The temple at Vaithisvarancoil is dedicated to Siva as Lord of Healing, literally ‘The Lord who is our Physician’ and is very popular among Tamils, especially those suffering from disease, sickness and mental trouble. It
is widely believed that Siva will cure even incurable diseases here. People also come here to fulfil vows or perform the rituals for young children. (This was where Mala had wanted to bring our daughter for her first birthday, for the first giving of rice.) It is one of the famous shrines sung by the Tamil Saivite saints in the Tevaram, so it must have been in existence at least by the seventh century AD. Then Appar came here to hymn ‘the Lord of a thousand names, Lord of mantras, tantras and healing potions, who by his grace cures our incurable disease’ – the disease which Appar makes a metaphor for existence itself.

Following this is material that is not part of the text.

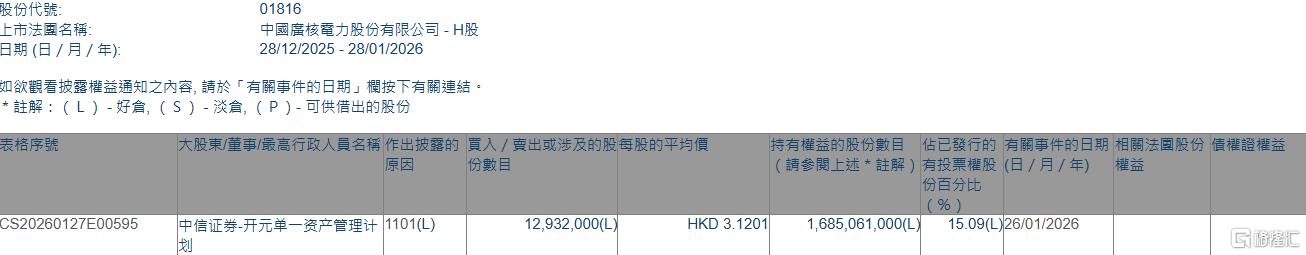 格隆汇1月28日丨根据联交所最新权益披露资料显示,2026年1月26日,中广核电力(01816.HK)获中信证券-开元单一资产管理计划在场内以每股均价3.1201港元增持1293.2万股,涉资约4035万港元。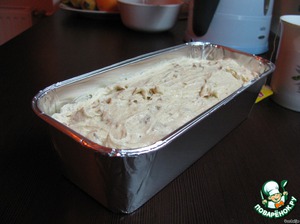 Прямоугольную форму застелить пергаментом, уложить в нее тесто.

The shrine has a beautiful colonnaded tank whose waters are believed to have curative powers; it has an ancient and sacred neem tree whose leaves and bark have medicinal qualities; the food offerings prepared in the temple kitchens and given at puja are also thought to be beneficial to health. Off the beaten track as far as the tourist is concerned, you will find it in no Western guidebook, but to the Tamils it is a loved and famous spot.
Vaithisvarancoil is also a good place to get an idea of the classic layout of the Tamil temple. Past the pilgrim stalls you come to the main gate, a pyramidal tower whose weathered sculptures tower over the surrounding town and countryside. This is the gopura, one of the most characteristic features of the Tamil landscape, so well known that it has become the badge of the state government. The word simply means ‘gateway’. In early southern architecture, the tower over the central shrine was the main feature and the gates were small. But in the tenth century, gate towers became more prominent and soon rose over 150 feet, fantastical pyramids teeming with brightly coloured statues of gods and spirits, as garishly coloured as the pediments of ancient Greek temples.